Can this tool read handwritten text?
Tesseract.js can detect some clear, neat handwriting but is not optimized for cursive or informal handwriting. For high-accuracy handwriting recognition, specialized services like Google Cloud Vision or Microsoft Azure AI Vision use dedicated handwriting models trained on millions of handwriting samples.
Does this tool support languages other than English?
The browser-based version processes English by default. Tesseract.js supports 100+ languages but additional language packs require custom configuration. For multi-language OCR — Arabic, Chinese, Hindi, Japanese, Russian — Google Cloud Vision or AWS Textract are recommended alternatives with automatic language detection.
Why does the OCR output look garbled or scrambled?

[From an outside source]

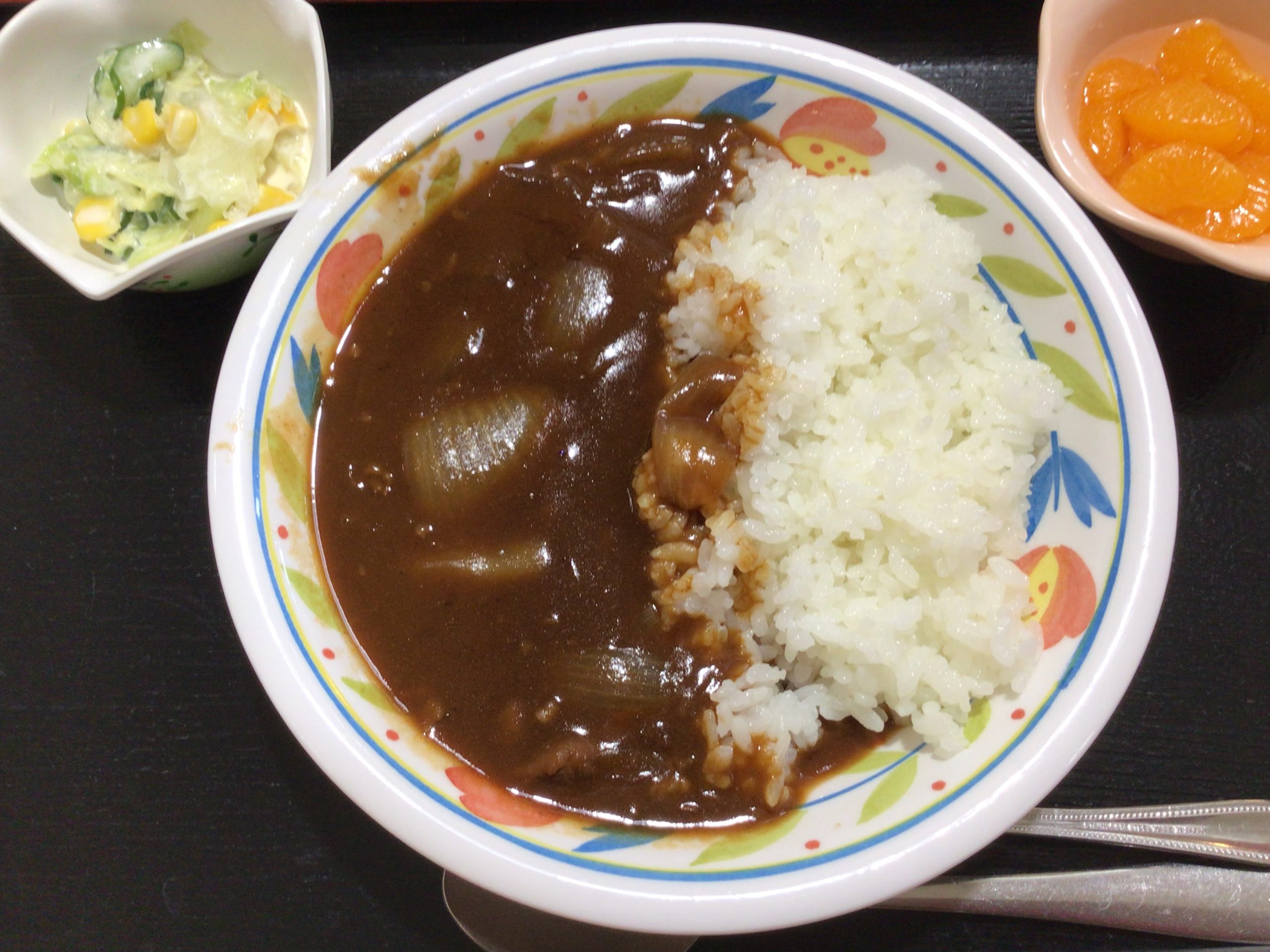 【昼食】 1.ハヤシライス 2.コールスローサラダ 3.フルーツ缶

Garbled output typically means the image resolution is too low, text contrast is poor, or the image is heavily skewed. Try scanning at 300 DPI, increasing brightness and contrast in an image editor, and straightening the page before uploading. JPEG compression artifacts on screenshots also cause recognition errors — save screenshots as PNG instead.
What is the difference between this tool and Adobe Acrobat OCR?
Adobe Acrobat OCR produces searchable PDFs with an embedded text layer and handles complex multi-column layouts, tables, and mixed content more accurately. This browser tool is better for quick, private extraction of plain text from simple images without installing software or paying for a subscription.